=== Data segment ===

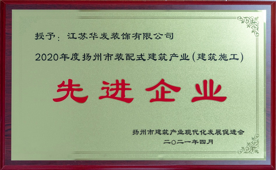 大會對2020年度揚州市建筑產業現代化先進企業、優秀項目和先進個人進行了表彰。公司獲2020年度揚州市裝配式建筑產業“先進企業”稱號,張春林獲“先進個人”表彰。
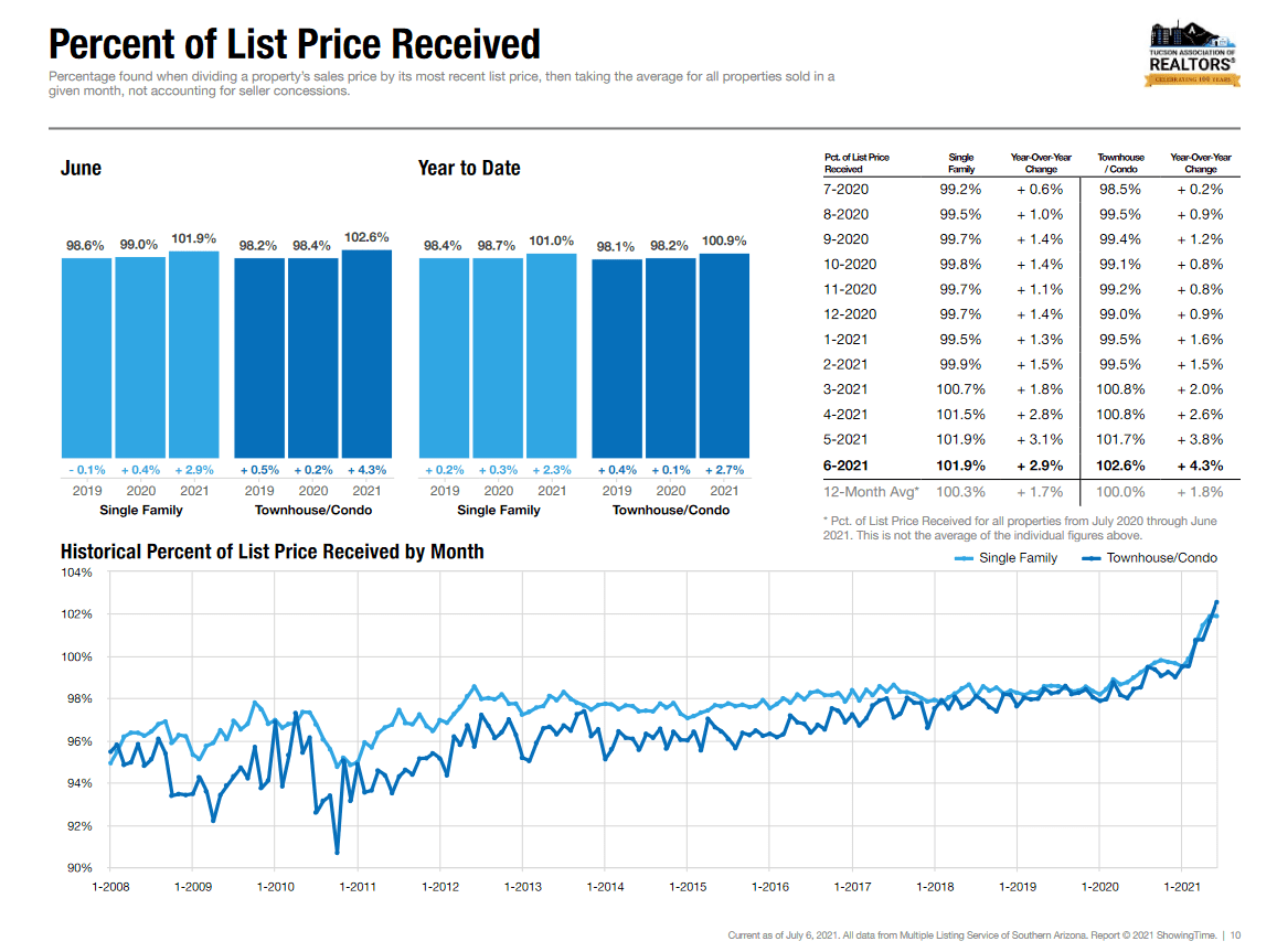 Want to negotiate? Forget about it! If you find the right home, be ready to pay very close to list price or OVER in many areas of greater Tucson.
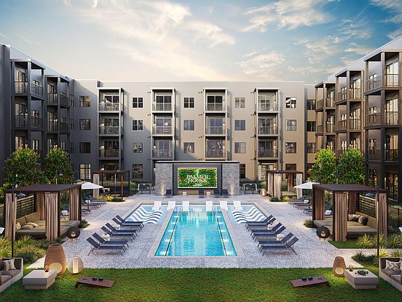 - Exterior features: 10 ft ceilings available on ground floor units, Barbecue, Bicycle storage, Business Center, Deisgner tile backsplash in kitchens, Designated vehicle charging stations, Dual vanity in select apartments, Frameless shower door enclosures, LATCH Bluetooth smart entry, Open concept floorplans, Package Receiving, Pet Park, Private patios & balconies, Quartz countertops in kitchens & bathrooms, Screen on the green movie night events, Secure detached garages available

===

_Task to complete_. All of the material is to be reproduced verbatim, pictures excluded.

_Result_.
 大會對2020年度揚州市建筑產業現代化先進企業、優秀項目和先進個人進行了表彰。公司獲2020年度揚州市裝配式建筑產業“先進企業”稱號,張春林獲“先進個人”表彰。
 Want to negotiate? Forget about it! If you find the right home, be ready to pay very close to list price or OVER in many areas of greater Tucson.
 - Exterior features: 10 ft ceilings available on ground floor units, Barbecue, Bicycle storage, Business Center, Deisgner tile backsplash in kitchens, Designated vehicle charging stations, Dual vanity in select apartments, Frameless shower door enclosures, LATCH Bluetooth smart entry, Open concept floorplans, Package Receiving, Pet Park, Private patios & balconies, Quartz countertops in kitchens & bathrooms, Screen on the green movie night events, Secure detached garages available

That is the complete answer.